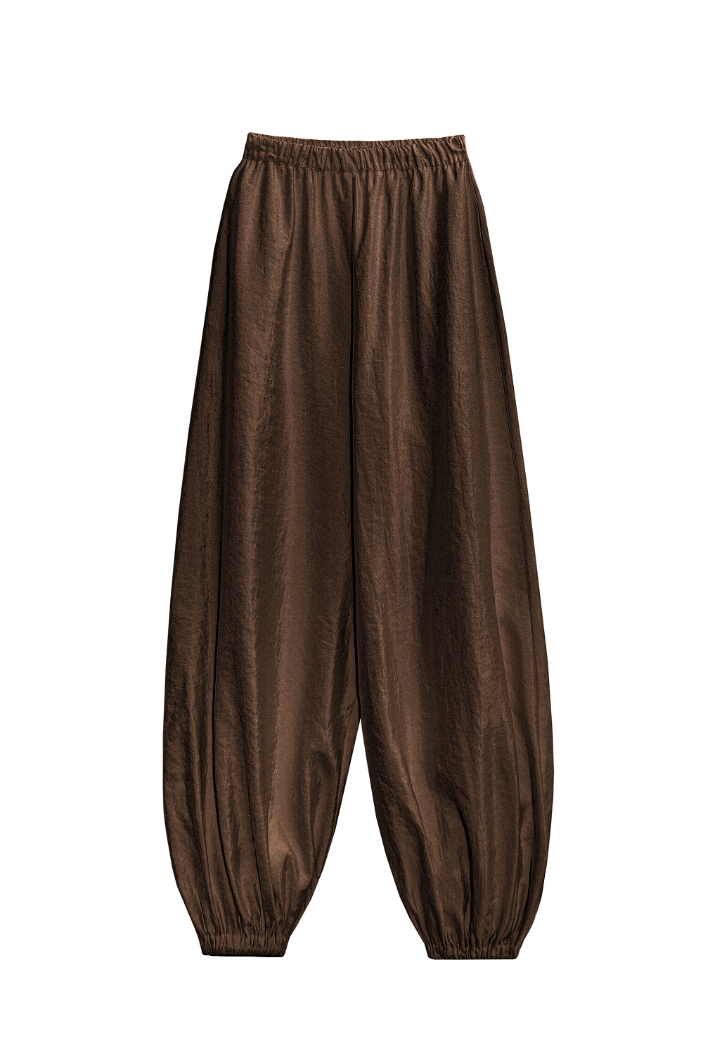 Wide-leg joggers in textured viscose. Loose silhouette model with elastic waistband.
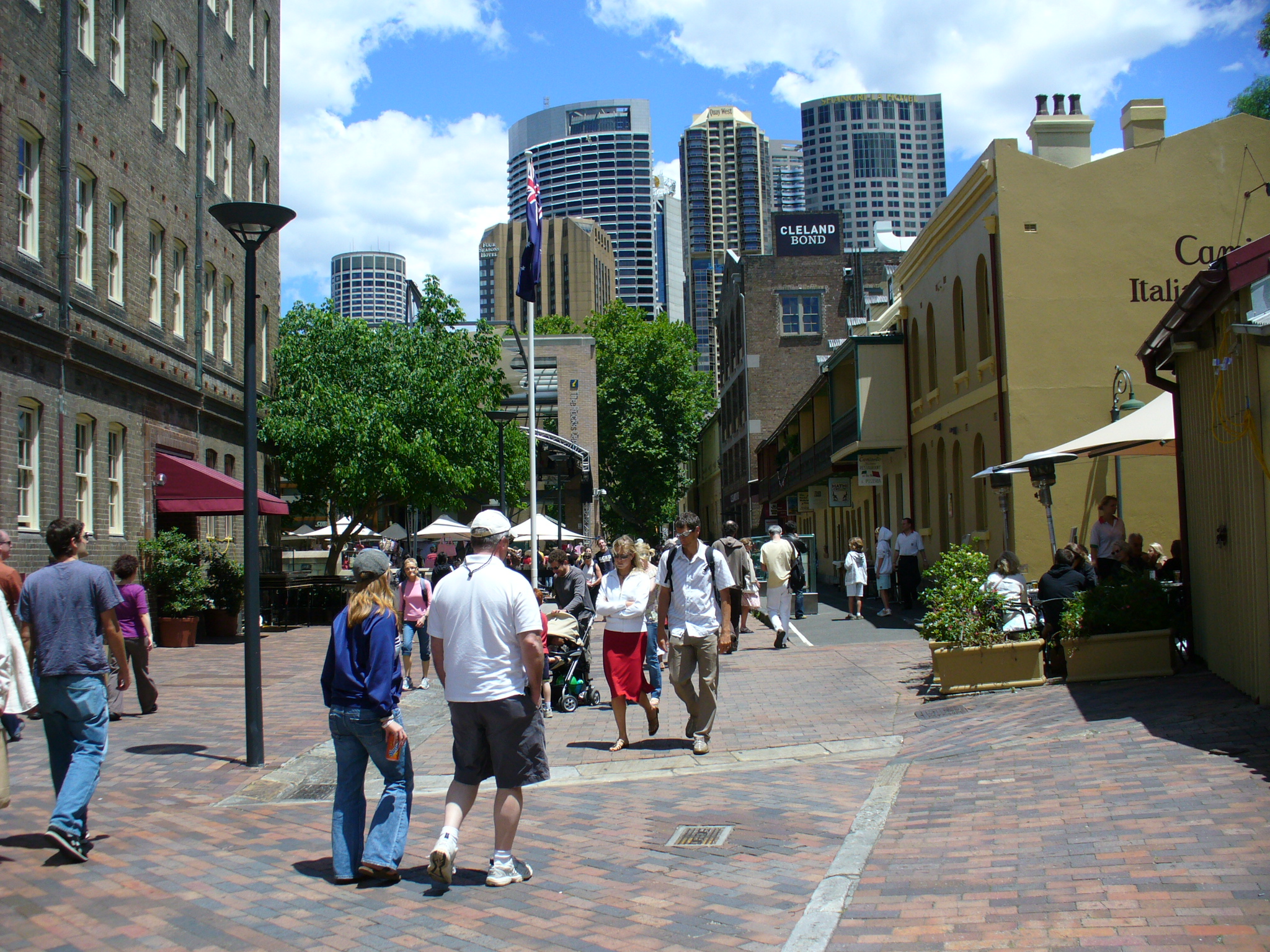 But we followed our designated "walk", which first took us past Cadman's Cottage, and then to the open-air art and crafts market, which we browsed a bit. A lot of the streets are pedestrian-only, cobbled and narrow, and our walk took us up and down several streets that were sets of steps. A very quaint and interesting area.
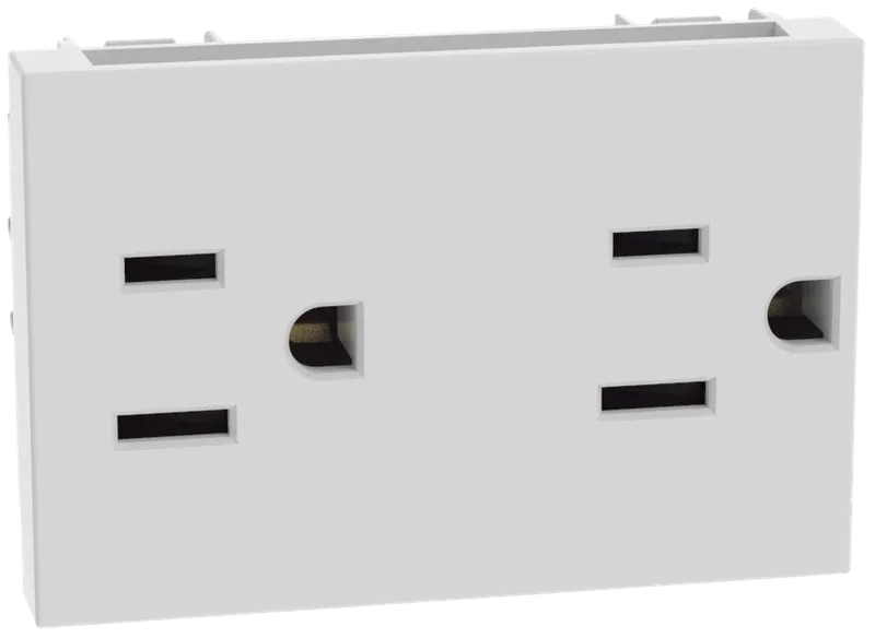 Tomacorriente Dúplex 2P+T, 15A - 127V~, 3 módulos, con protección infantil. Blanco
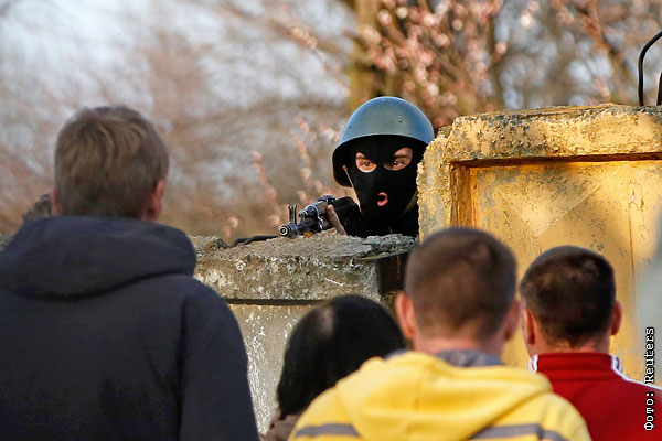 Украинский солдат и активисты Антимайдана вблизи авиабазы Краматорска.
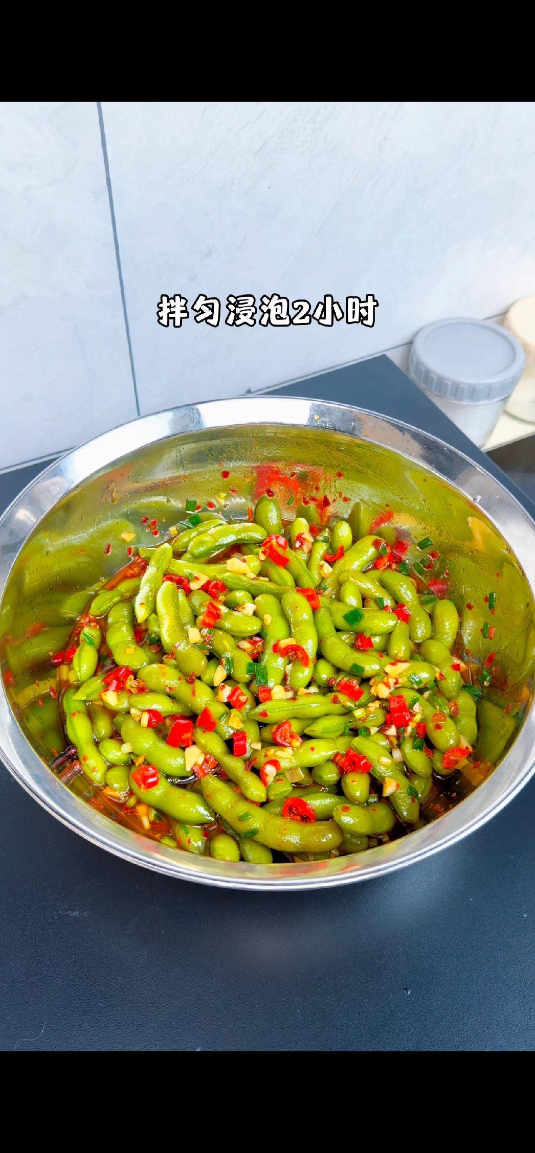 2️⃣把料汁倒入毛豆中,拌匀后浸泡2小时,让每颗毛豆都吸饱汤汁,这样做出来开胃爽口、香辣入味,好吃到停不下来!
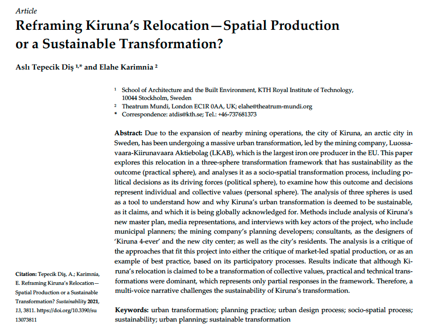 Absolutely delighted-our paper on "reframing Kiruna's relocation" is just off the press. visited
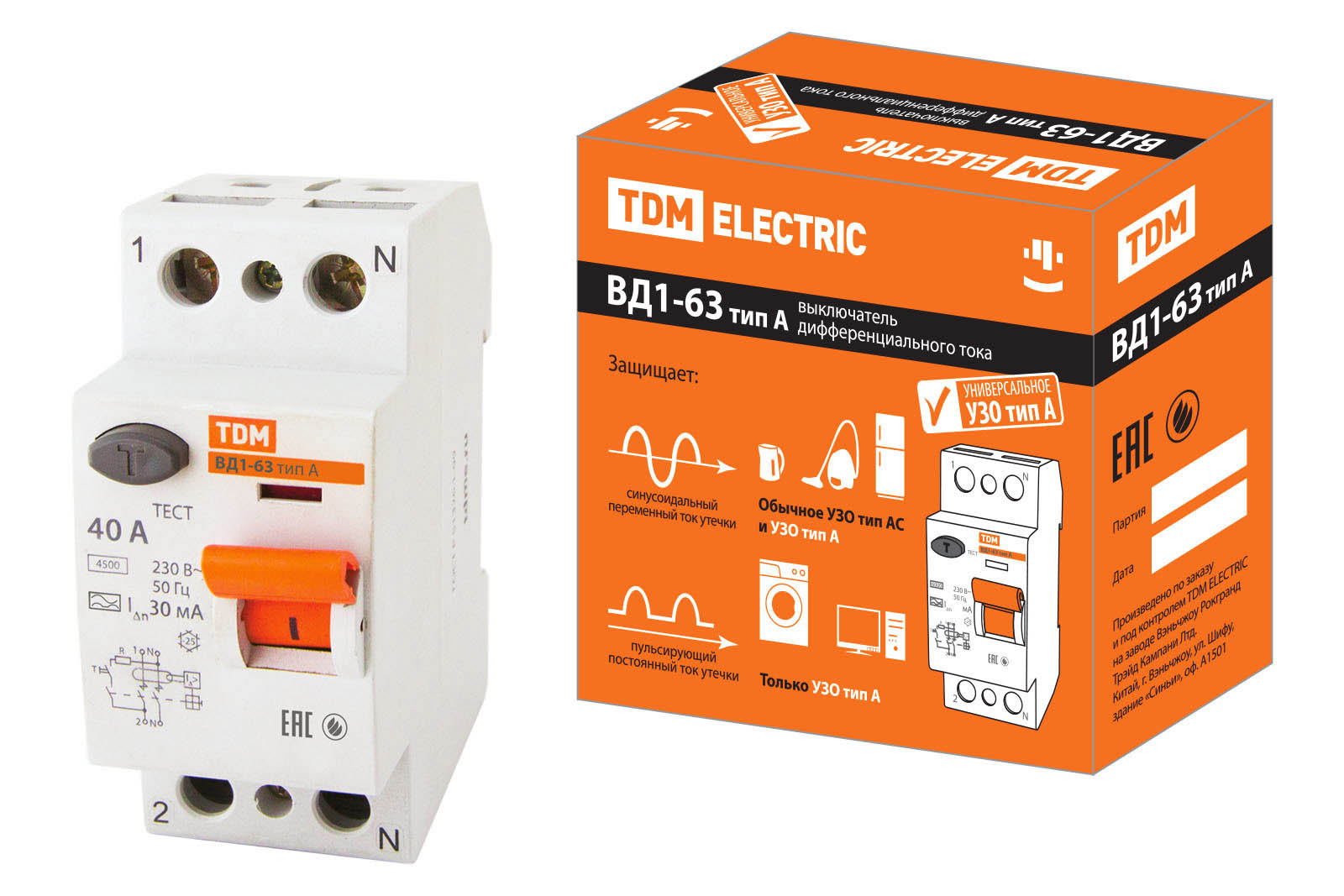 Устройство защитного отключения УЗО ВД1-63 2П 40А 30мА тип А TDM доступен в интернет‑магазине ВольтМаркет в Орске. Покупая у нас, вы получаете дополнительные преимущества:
◇ ◇ ◇ ◇ ◇ ◇ ◇
Copy every line of the records exactly as it is written, but not the pictures.

 Wide-leg joggers in textured viscose. Loose silhouette model with elastic waistband.
 But we followed our designated "walk", which first took us past Cadman's Cottage, and then to the open-air art and crafts market, which we browsed a bit. A lot of the streets are pedestrian-only, cobbled and narrow, and our walk took us up and down several streets that were sets of steps. A very quaint and interesting area.
 Tomacorriente Dúplex 2P+T, 15A - 127V~, 3 módulos, con protección infantil. Blanco
 Украинский солдат и активисты Антимайдана вблизи авиабазы Краматорска.
 2️⃣把料汁倒入毛豆中,拌匀后浸泡2小时,让每颗毛豆都吸饱汤汁,这样做出来开胃爽口、香辣入味,好吃到停不下来!
 Absolutely delighted-our paper on "reframing Kiruna's relocation" is just off the press. visited
 Устройство защитного отключения УЗО ВД1-63 2П 40А 30мА тип А TDM доступен в интернет‑магазине ВольтМаркет в Орске. Покупая у нас, вы получаете дополнительные преимущества:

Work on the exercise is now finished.